Canpar Holdings Ltd. and Petrovera Resources v. Petrobank Energy and Resources Ltd. considered the rights of the owner of freehold oil and gas rights after a lease to produce from their land had expired, yet the former lessee continued to produce from the land. The Plaintiffs, represented by Richard N. Billington, Q.C. and Monique Morin of Billington Barristers, sought and obtained a wide range of remedies in contract, tort and equity, including an injunction, a declaration that the lease had expired, and damages for miscalculation of royalty payments prior to the expiry of the lease. Most significantly, they also obtained judgment for damages for trespass and conversion for the Defendant’s continued operations from the land after the lease had expired and for an accounting for all sums produced from the land after the lease had expired.

In awarding an accounting, the Court directed that the Defendant must pay to the Plaintiffs the entire value of all substances produced from the land since the time the lease expired, deducting only the actual cost of production. In addition, the Court determined that the Defendant must also pay damages for its actual trespass on the land in the sum of the royalty that it previously was required to pay under the lease. The decision recognized that there had been not only a breach of contract, but that the Defendant had committed separate torts of trespass and conversion.

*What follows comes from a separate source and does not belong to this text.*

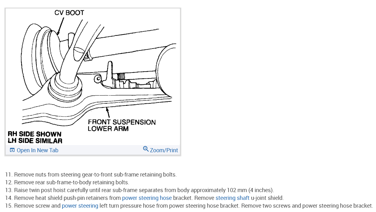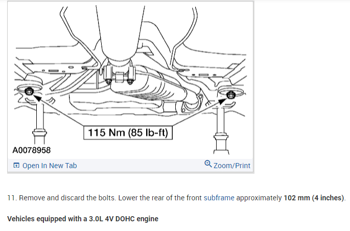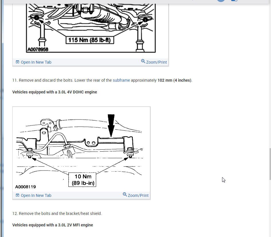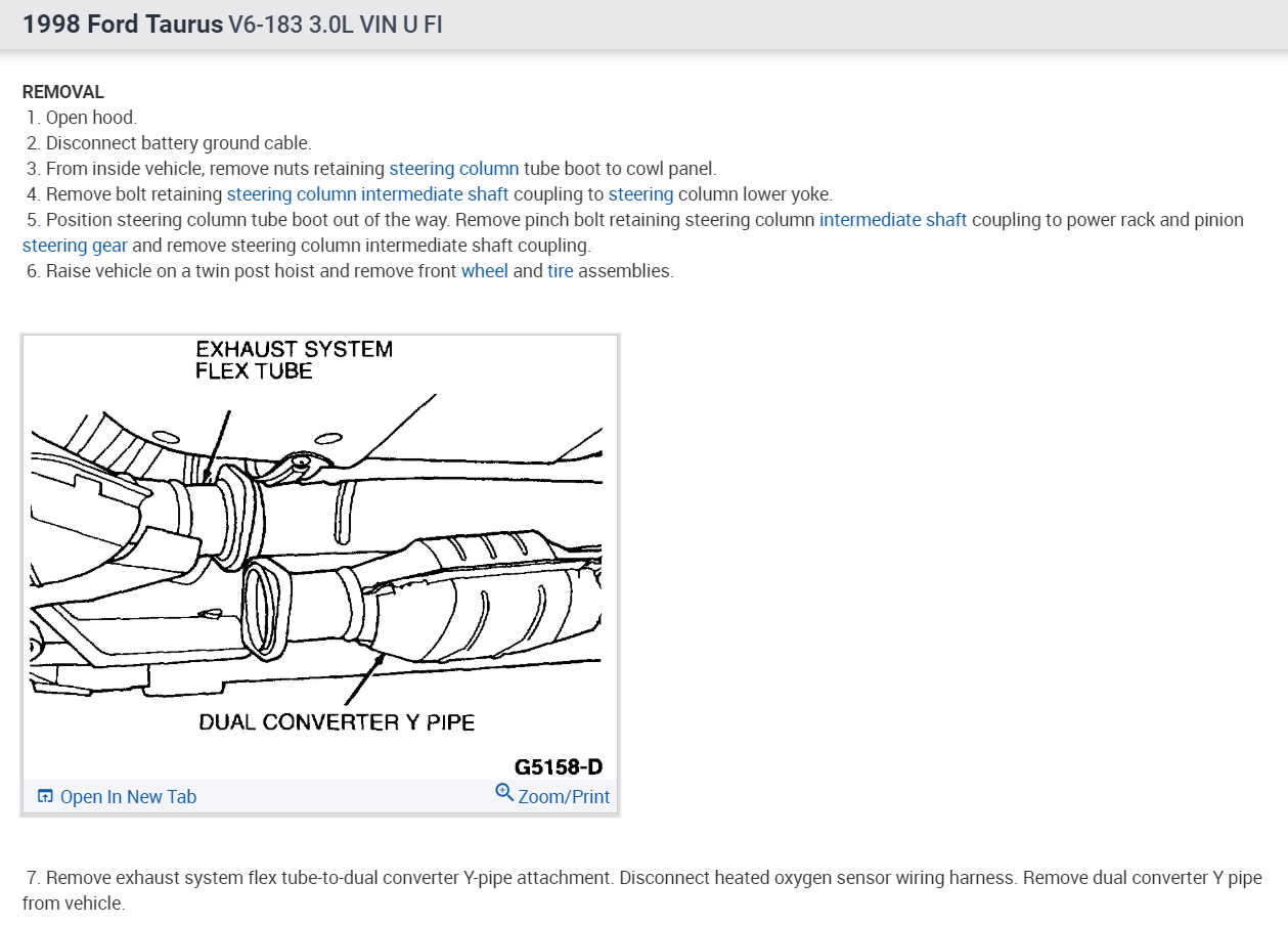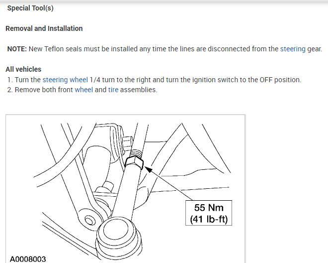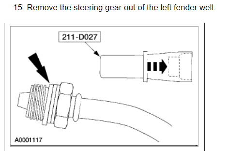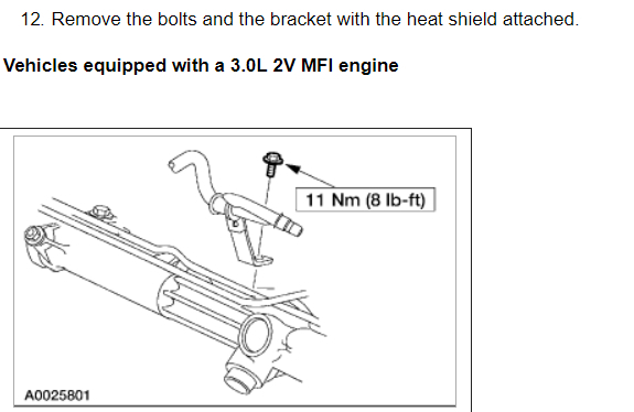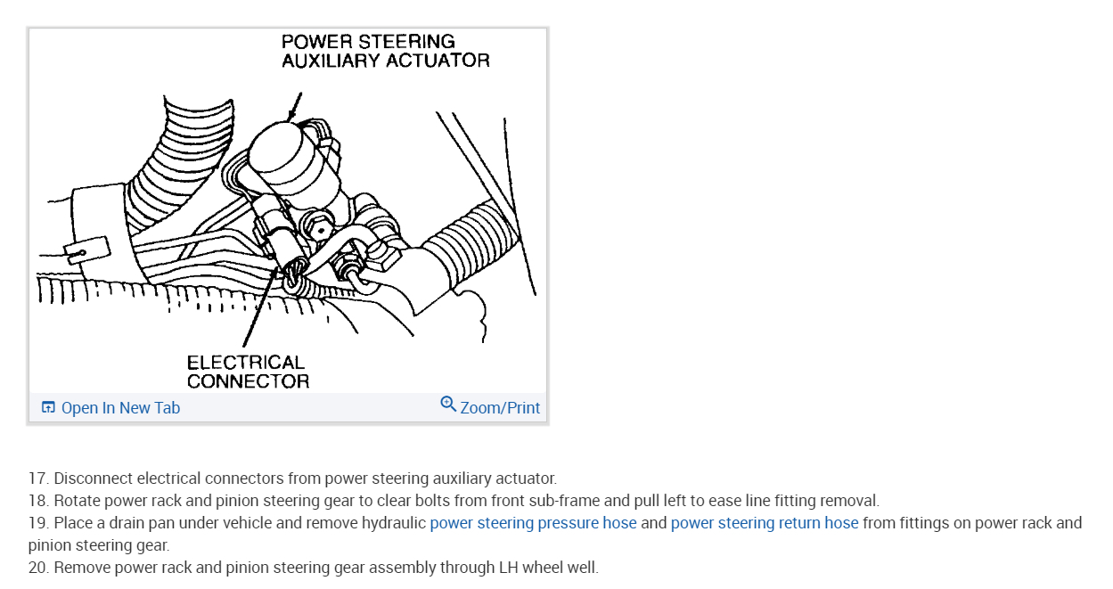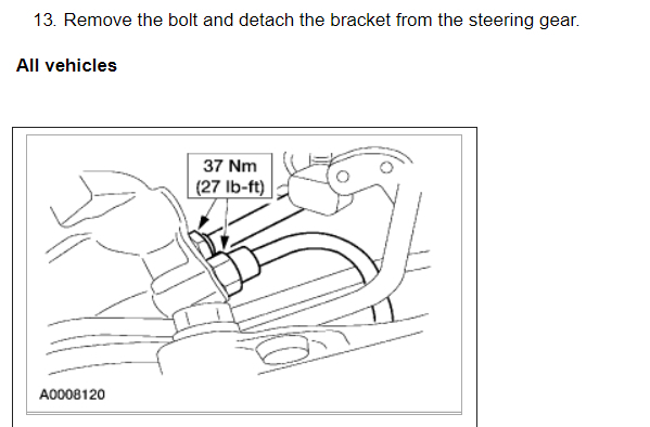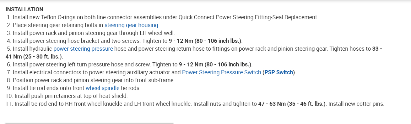 Per Jeremy at Village center care. Here is a faster procedure to R&R rack & save you guys alot of headaches. Y-pipe doesn't need to be removed as per procedure. The right rack bolt has a 24mm nut above the Y-pipe, but can easily be removed with use of 24mm gear wrench. Next loosen but don't remove right rear sub-frame bolt. Now loosen & remove left sub-frame bolt. This will open things up on the left side for removal. No need to unhook column on the inside, it can be accessed by lifting the boot on the firewall & remove pinch bolt(10mm) throught the left fender well. No need to unhook left swaybar link either. Next from above remove air intake to gain access down to steering lines. With the subframe lowered the rack will slide out the drivers side with ease. Total time to R&R should be cut in half by going this route. Good Luck out there guys.... By the book.. 1. Open hood. 2. Disconnect battery ground cable. 3. From inside vehicle, remove nuts retaining steering column tube boot to cowl panel. 4. Remove bolt retaining steering column intermediate shaft coupling to steering column lower yoke. 5. Position steering column tube boot out of the way. Remove pinch bolt retaining steering column intermediate shaft coupling to power rack and pinion steering gear and remove steering column intermediate shaft coupling. 6. Raise vehicle on a twin post hoist and remove front wheel and tire assemblies. 7. Remove exhaust system flex tube-to-dual converter Y-pipe attachment. See Fig. 32 . Disconnect heated oxygen sensor wiring harness. Remove dual converter Y pipe from vehicle. 8. Support vehicle with jack stands under rear edge of front sub-frame. See Fig. 33 . 9. Remove tie rod cotter pins and nuts, and remove tie rod end from right front wheel knuckle and left front wheel knuckle. 10. Remove tie rod end from front wheel spindle tie rod. Mark position of jam nut to maintain alignment. 11. Remove nuts from steering gear-to-front sub-frame retaining bolts. See Fig. 34 . 12. Remove rear sub-frame-to-body retaining bolts. 13. Raise twin post hoist carefully until rear sub-frame separates from body approximately 4" (102 mm). 14. Remove heat shield push-pin retainers from power steering hose bracket. Remove steering shaft U-joint shield. 15. Remove screw and power steering left turn pressure hose from power steering hose bracket. Remove two screws and power steering hose bracket. 16. Remove left stabilizer bar link. See Fig. 35 . 17. Disconnect power steering pressure switch electrical connector. 18. Rotate power rack and pinion steering gear to clear bolts from front sub-frame and pull left to ease line fitting removal. 19. Place a drain pan under vehicle and remove hydraulic power steering pressure hose and power steering return hose from fittings on power rack and pinion steering gear. 20. Remove power rack and pinion steering gear assembly through left wheel well. Installation 1. Install new Teflon(R) O-rings on both line connector assemblies. See HOSES . 2. Place steering gear retaining bolts in steering gear housing. 3. Install power rack and pinion steering gear through left wheel well. 4. Install power steering hose bracket and two screws. Tighten to specification. See TORQUE SPECIFICATIONS . 5. Install hydraulic power steering pressure hose and power steering return hose to fittings on power rack and pinion steering gear. Tighten hoses to specification. See TORQUE SPECIFICATIONS . 6. Install power steering pressure hose and screw. Tighten to specification. See TORQUE SPECIFICATIONS . 7. Connect power steering pressure switch electrical connector. 8. Position power rack and pinion steering gear into front sub-frame. 9. Install tie rod ends onto front wheel spindle tie rods. 10. Install push-pin retainers at top of heat shield. 11. Install tie rod end to right front wheel knuckle and left front wheel knuckle. Install nuts and tighten to specification. See TORQUE SPECIFICATIONS . Install new cotter pins. 12. Install left stabilizer bar link. See Fig. 35 . Tighten to specification. See TORQUE SPECIFICATIONS . 13. Lower hoist until rear sub-frame contacts body. 14. Install rear sub-frame retaining bolts. Tighten to specification. See TORQUE SPECIFICATIONS . 15. Install power rack and pinion steering gear-to-sub-frame nuts and tighten to specification. See TORQUE SPECIFICATIONS . 16. Install exhaust system flex tube to dual converter Y pipe. Connect heated oxygen sensor wiring harness. See Fig. 32 . 17. Install tire and wheel assemblies. 18. Remove jack stands and lower vehicle. 19. From inside vehicle, push steering column tube boot end out of vehicle and install over steering gear housing. 20. Install steering column intermediate shaft coupling to power rack and pinion steering gear. Tighten bolt to specification. See TORQUE SPECIFICATIONS . 21. Install inner steering column tube boot to cowl panel. 22. Install steering column intermediate shaft coupling to steering column lower yoke. See STEERING COLUMN article. 23. Fill power steering system with Motorcraft MERCON Multi -Purpose (ATF) Transmission Fluid XT-2-QDX or equivalent meeting Ford MERCON specification. See SYSTEM FILL under LUBRICATION. 24. Reconnect battery ground cable. 25. Bleed power steering system. See PURGING SYSTEM OF AIR under LUBRICATION. 26. Check system for leaks and proper operation. 6/16/2009

The decision was also precedent setting in upholding a “no deductions” clause that gave the freehold owner substantially better lease terms than were found in standard industry agreements.

Richard N. Billington, Q.C., lead counsel for the Plaintiffs, commented on the successful result: “This decision develops a line of recent authority in western Canada that those who produce hydrocarbons from freehold land after the lease has expired cannot merely contend that they felt the lease was still valid. The Court will hit them with an injunction, strip them of the entire amount of revenue that they hoped to produce from the land, and then award additional damages to deny them the amounts that they thought they would have to pay by way of royalties had their interpretation of the lease been upheld. This case has also provided the first judicial interpretation and support to the ‘no deductions’ clause contained in the Plaintiffs’ freehold mineral lease. Despite the contention of the Defendant that such a clause is contrary to industry practice, the terms of the lease prevail. ‘No deductions’ means just that, that no deductions shall be made for fuel gas necessary to carry out operations, nor for any other purpose not expressly allowed under the lease.”